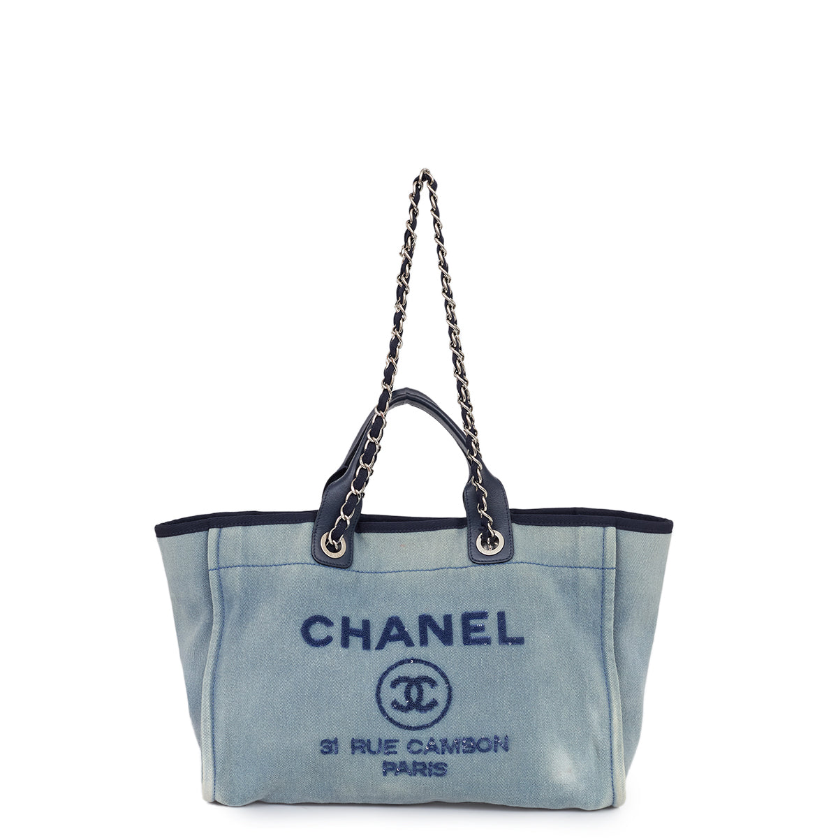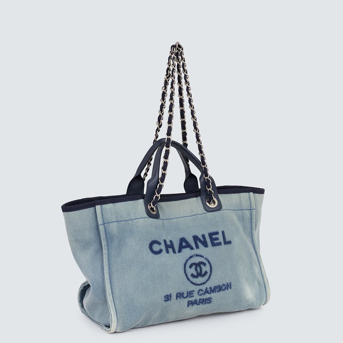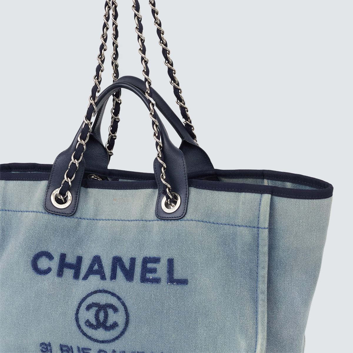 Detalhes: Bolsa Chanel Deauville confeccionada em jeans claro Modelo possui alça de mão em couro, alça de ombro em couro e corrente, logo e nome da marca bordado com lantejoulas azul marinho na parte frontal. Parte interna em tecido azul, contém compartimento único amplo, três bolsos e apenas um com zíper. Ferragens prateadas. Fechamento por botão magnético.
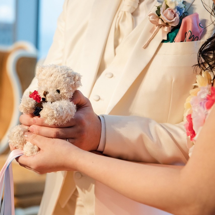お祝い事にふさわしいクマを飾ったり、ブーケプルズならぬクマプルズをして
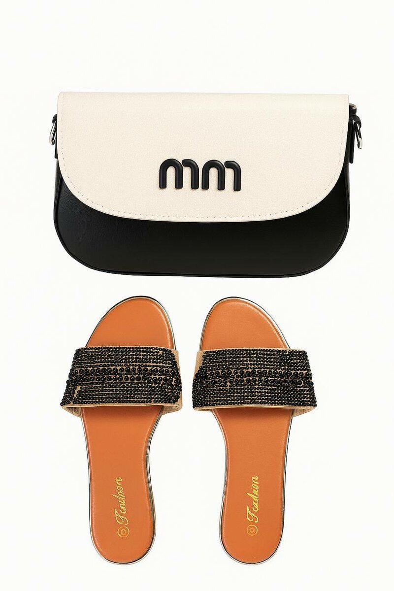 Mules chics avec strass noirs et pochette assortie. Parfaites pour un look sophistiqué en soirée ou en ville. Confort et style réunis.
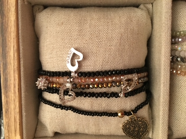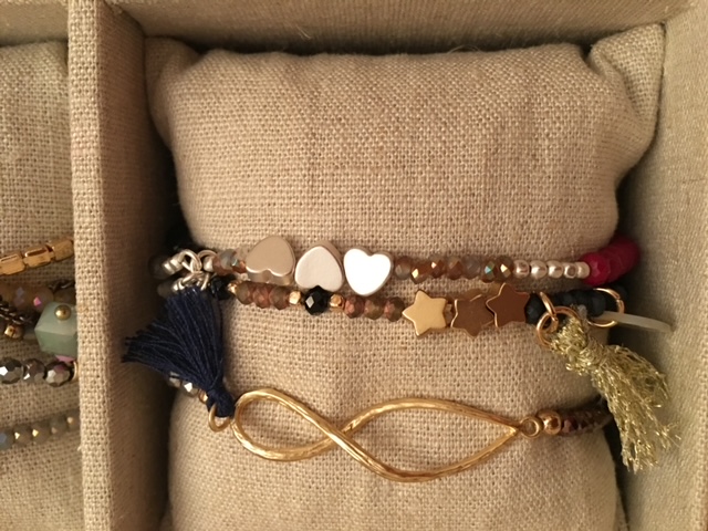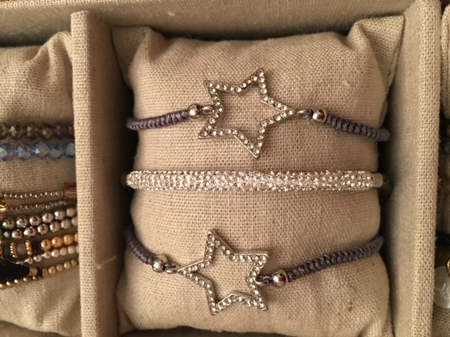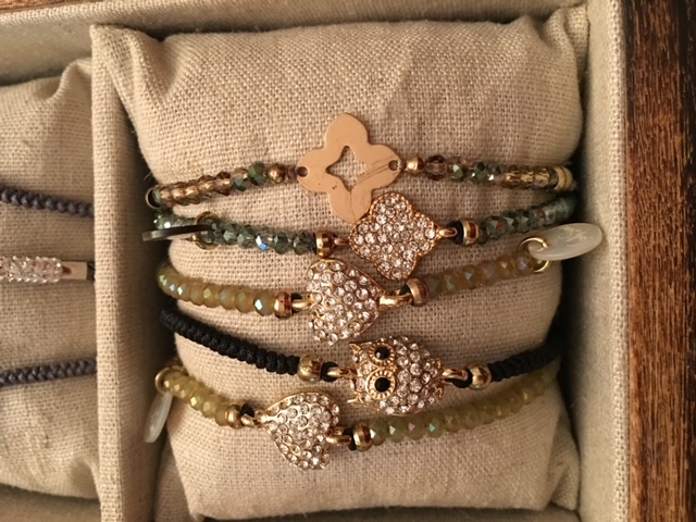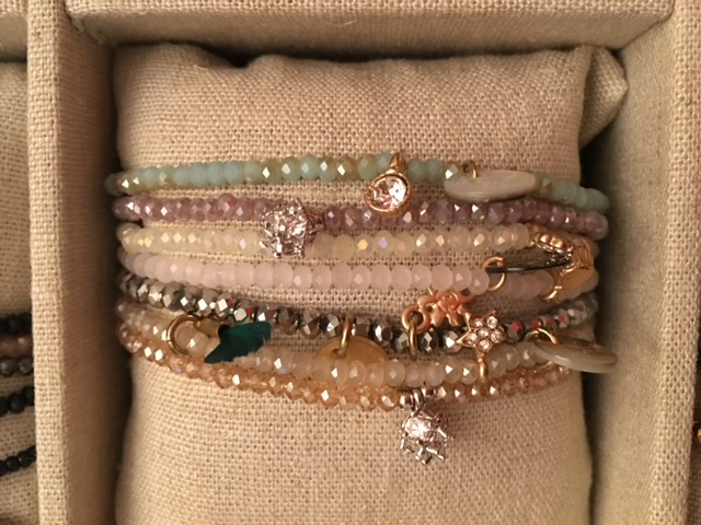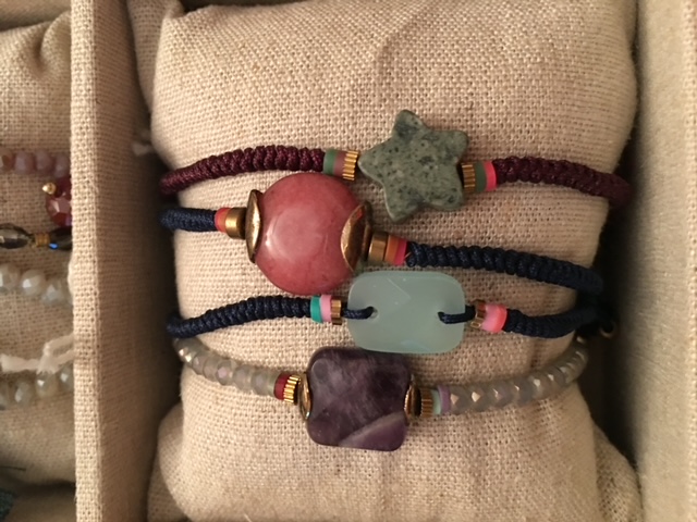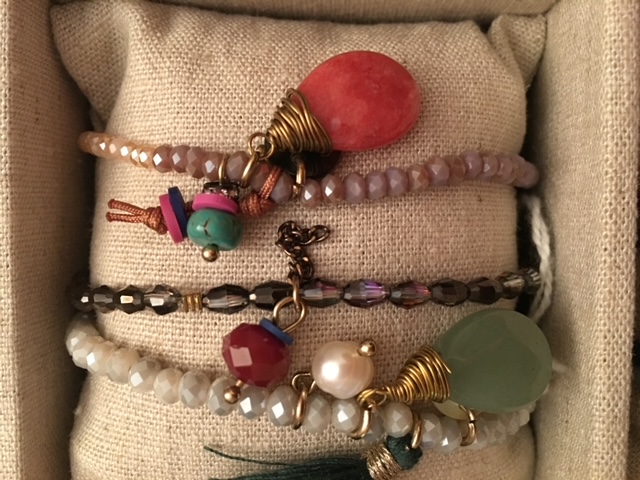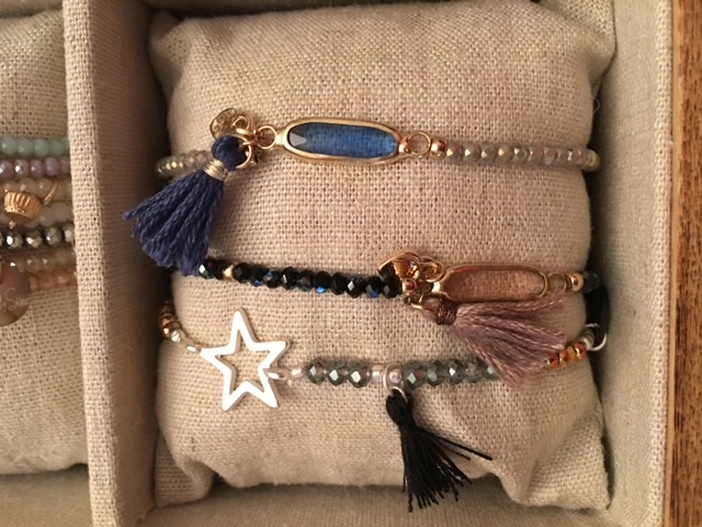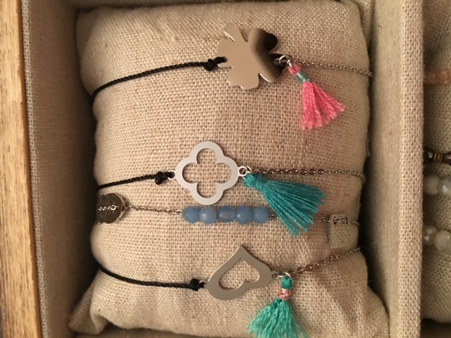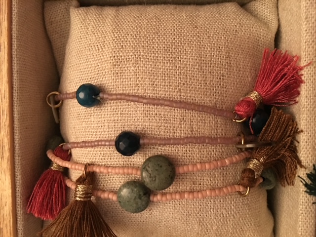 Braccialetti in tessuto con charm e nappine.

+++++

Task brief
The lines to copy run from the line containing "お祝い事にふさわしいクマを飾ったり、ブーケプルズならぬクマプルズをして" through the end of the data above; copy exactly those, minus the pictures.

Finished task
お祝い事にふさわしいクマを飾ったり、ブーケプルズならぬクマプルズをして
 Mules chics avec strass noirs et pochette assortie. Parfaites pour un look sophistiqué en soirée ou en ville. Confort et style réunis.
 Braccialetti in tessuto con charm e nappine.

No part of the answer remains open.